Amongst some of the levity and antics in the last set of comments, a little Mormon snideness snuck in. You’ll remember we were discussing the prevaricating nature of certain Mormon General Authorities, in particular one Gene R. Cooke, who claims to have given Mick Jagger a good tongue lashing about morality and such on a commercial jet back in 1988. Most of us are pretty sure Gene has a case of Paul Dunn-itis. In other words, he’s doing some Lying for the Lord.
But, our friend Dave said (while not addressing the actual story or comments, by the way):
Good thing you guys are all so nice and uplifting. I really felt better after listening to all of you complain and tear down. Good job guys, keep it up!

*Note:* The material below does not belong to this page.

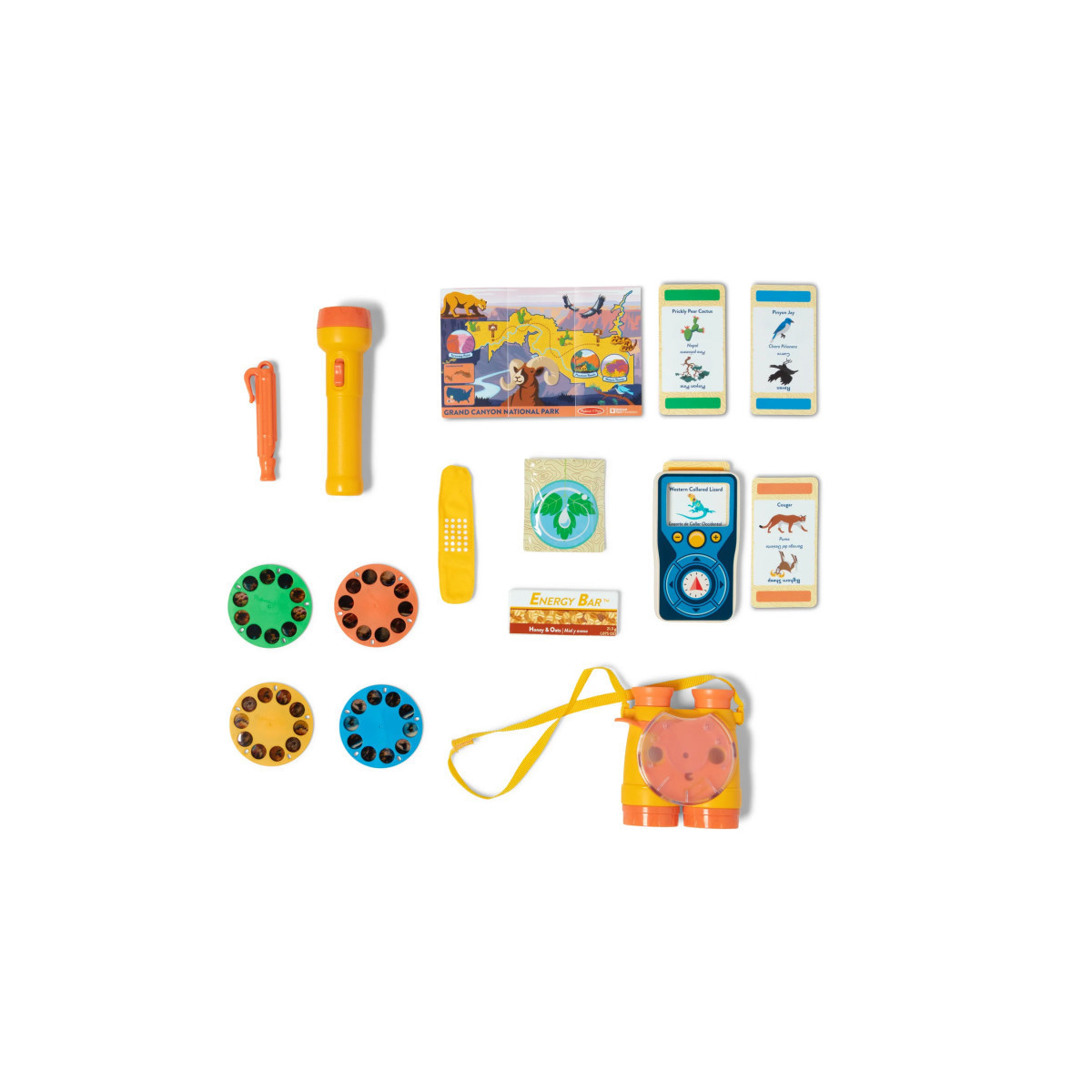 Take an imagination-filled hike through Grand Canyon National Park! Play hiking essentials (including a working flashlight for night hikes) store on a sturdy, adjustable belt, sized to fit kids three to six. Rotate four photo disks in the play binoculars to see canyon scenes and native animals and plants—five beautiful color photos per disk bring the park to life right before kids' eyes! Slide ID cards into the wooden play "tracker" to identify in English and Spanish the native plants and animals you see! The gear belt holds everything, including a double-sided map and field guide, play first aid supplies, a wooden energy bar, and safety whistle. 2 AA batteries required for the flashlight (not included). Melissa & Doug® is proud to support the National Park Foundation with a million-dollar minimum donation over three years. The Melissa & Doug® National Park Foundation collection is designed to inspire kids to discover the wonder of America's national parks. Together, we're helping protect our parks for present and future generations!

Why spend so much time and energy holding a grudge, or trying to destroy. Just let it go. It’s not worth it. Just be happy and let these people be.
Let yourself be.
Of course, I immediately knew Dave was a Mormon. Duh. Don’t address the issues, just accuse people, in a roundabout way, of not “leaving the church alone.” You can say it any way you want, I’ve heard it before. So I did a little snooping. And I found Dave is a 25-year-old BYU Student. Duh.
I also found out this:
Arts/Writing: Photography, Song-writing, Writing Poetry
Hobbies: Clubbing, Cooking, Going to Parties, Listening to Music, Reading, Traveling, Watching Movies
Instrument Playing: Drums/Percussion
Languages: English, French, Italian, Other Language, Spanish
Music: Alternative, Dance/Club, Punk, Rock, Techno, Trance
Religion: Christian, Mormon
Sports: Basketball, Bodyboarding, Bowling, Camping, Football, Jet Skiing, Mountain Biking, Sailing, Scuba Diving, Skateboarding, Skiing, Snowboarding, Soccer, Surfing, Tennis, Volleyball
CLUBBING? PARTYING? Mormons do not go CLUBBING, Dave! Do your church leaders know this? Sheesh. Anyway, our eclectic friend Dave means well, I’m sure, so I wrote him this nice letter.
This is NOT the uplifting blog. Nowhere in my disclaimer (uh, do I have a disclaimer?) do I claim to be here to spiritually feed you. You have CHURCH for that. No, no, my purpose is to make you smile. Of course, it’s fairly rare that someone who is MORMON smiles when visiting my blog. At least someone who is a TRUE BELIEVING MORMON, at any rate. There are some ex-Mormons, and some Jack Mormons, and a few “Pretenders” among us, and they all smile, but no, real TBMs don’t smile here. If you are smiling here, you might want to check your temple recommend status. It could magically change like a Harry Potter gizmo.
That said, thanks for encouraging us. We needed that. We appreciate YOUR special spirit. We’re sorry for our grudge. What is our grudge again? Oh, never mind. I’m sure I’ll figure it out sooner or later. But you… hold to the rod, Dave. HOLD TIGHT. Don’t let go. HOLD TO THE ROD… er, uh, unless it’s someone else’s rod. In that case, I would recommend letting go. Or wait. If I remember right, there was a little bit of controversy about holding your OWN rod, too.
I’ll have you know I worked with a Rod during my time at the Salt Lake Tribune and he was ALL for being held. All the parts of him. Sorry. Got sidetracked.
Just for you, Dave, I have something very special. Yes, I found this little product. And when you are tempted to come back hear and be dragged down by the relentless negativity here, I suggest you just pull out your HOLD TO THE ROD LIP BALM and just SMEAR IT ALL OVER YOUR LIPS, and any other body part that needs some sunshine.
Here’s the product description:
Tuck a bit of love and sunshine into someone’s pocket with a unique lip balm. Quality ingredients pamper and protect, while fun and colorful packaging gets the message across. Order for family, friends, and youth groups. Put your heartfelt message on their lips again and again with Lip notes.